** THE PROBLEM **
Set down each line of the data exactly, but not the pictures.

======== SOURCE MATERIAL ========

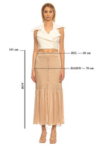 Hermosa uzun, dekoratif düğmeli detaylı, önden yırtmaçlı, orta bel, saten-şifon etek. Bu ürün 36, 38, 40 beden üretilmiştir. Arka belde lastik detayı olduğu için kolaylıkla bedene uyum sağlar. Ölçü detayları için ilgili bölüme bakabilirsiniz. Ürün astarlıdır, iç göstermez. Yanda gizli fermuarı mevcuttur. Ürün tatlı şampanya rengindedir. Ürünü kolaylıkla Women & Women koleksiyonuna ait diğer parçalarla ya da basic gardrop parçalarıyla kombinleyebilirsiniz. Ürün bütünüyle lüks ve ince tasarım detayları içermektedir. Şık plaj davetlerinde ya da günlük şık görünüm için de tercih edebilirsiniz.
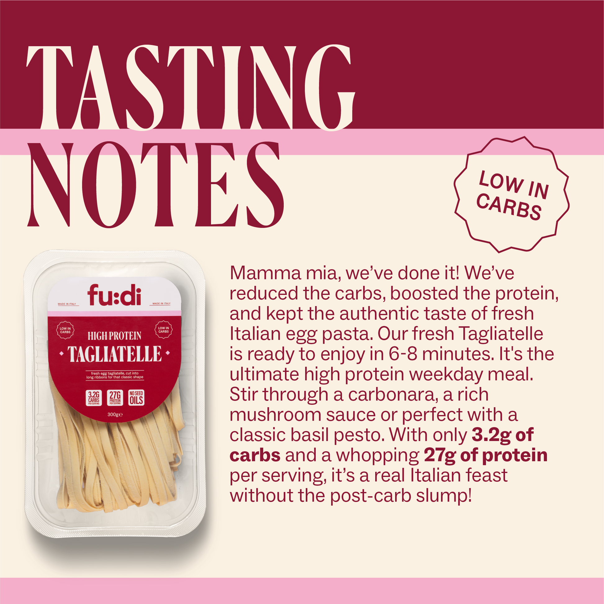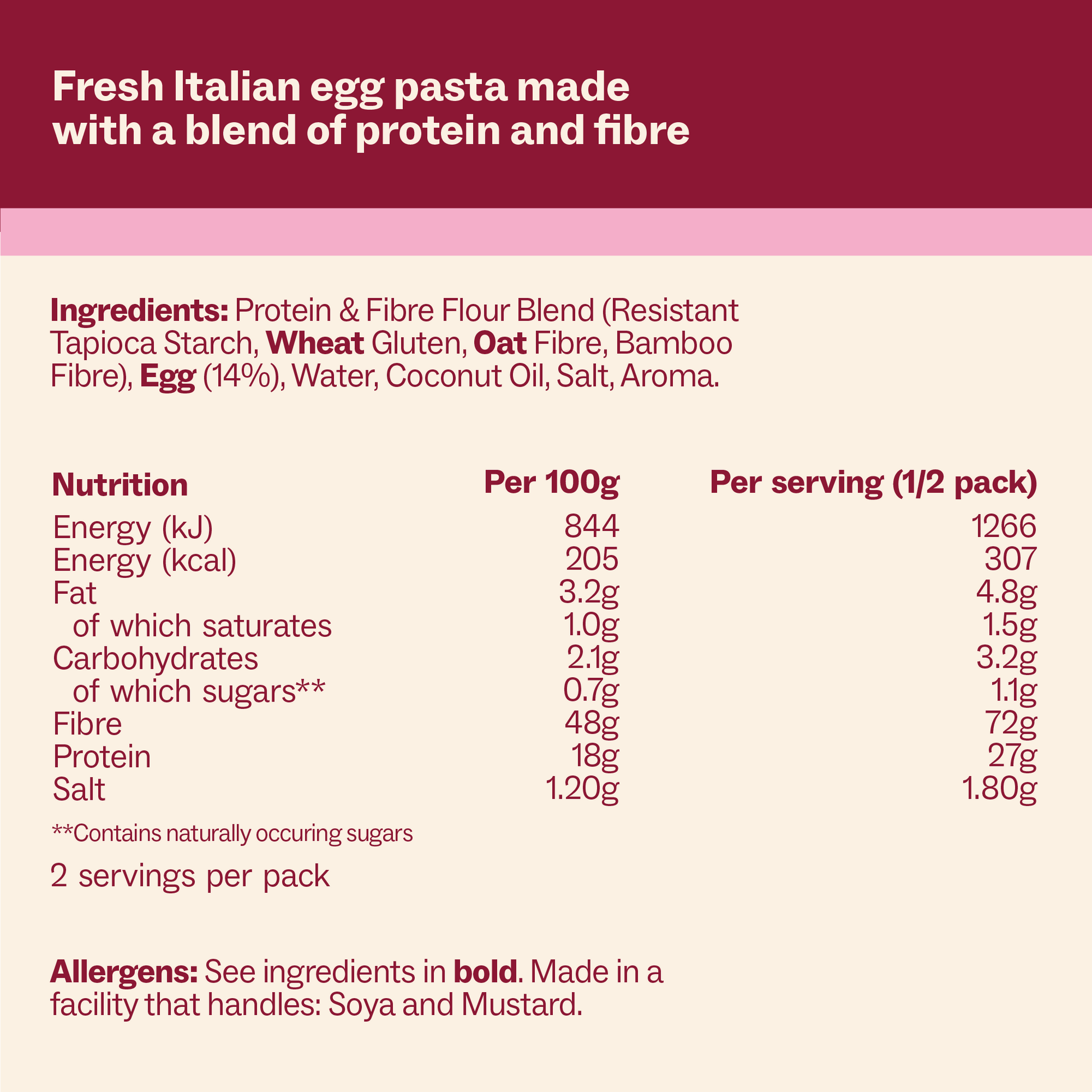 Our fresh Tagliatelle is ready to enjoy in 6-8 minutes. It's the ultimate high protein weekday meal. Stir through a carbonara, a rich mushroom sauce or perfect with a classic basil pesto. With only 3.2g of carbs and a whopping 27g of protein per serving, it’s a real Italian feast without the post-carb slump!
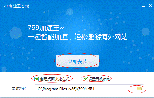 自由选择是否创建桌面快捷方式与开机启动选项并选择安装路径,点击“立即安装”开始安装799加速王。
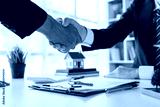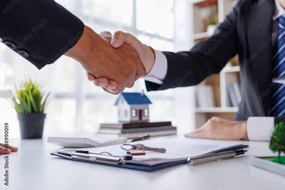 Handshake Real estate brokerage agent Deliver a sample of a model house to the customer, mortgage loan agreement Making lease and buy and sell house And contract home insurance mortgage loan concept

========

** RESULT BELOW **
 Hermosa uzun, dekoratif düğmeli detaylı, önden yırtmaçlı, orta bel, saten-şifon etek. Bu ürün 36, 38, 40 beden üretilmiştir. Arka belde lastik detayı olduğu için kolaylıkla bedene uyum sağlar. Ölçü detayları için ilgili bölüme bakabilirsiniz. Ürün astarlıdır, iç göstermez. Yanda gizli fermuarı mevcuttur. Ürün tatlı şampanya rengindedir. Ürünü kolaylıkla Women & Women koleksiyonuna ait diğer parçalarla ya da basic gardrop parçalarıyla kombinleyebilirsiniz. Ürün bütünüyle lüks ve ince tasarım detayları içermektedir. Şık plaj davetlerinde ya da günlük şık görünüm için de tercih edebilirsiniz.
 Our fresh Tagliatelle is ready to enjoy in 6-8 minutes. It's the ultimate high protein weekday meal. Stir through a carbonara, a rich mushroom sauce or perfect with a classic basil pesto. With only 3.2g of carbs and a whopping 27g of protein per serving, it’s a real Italian feast without the post-carb slump!
 自由选择是否创建桌面快捷方式与开机启动选项并选择安装路径,点击“立即安装”开始安装799加速王。
 Handshake Real estate brokerage agent Deliver a sample of a model house to the customer, mortgage loan agreement Making lease and buy and sell house And contract home insurance mortgage loan concept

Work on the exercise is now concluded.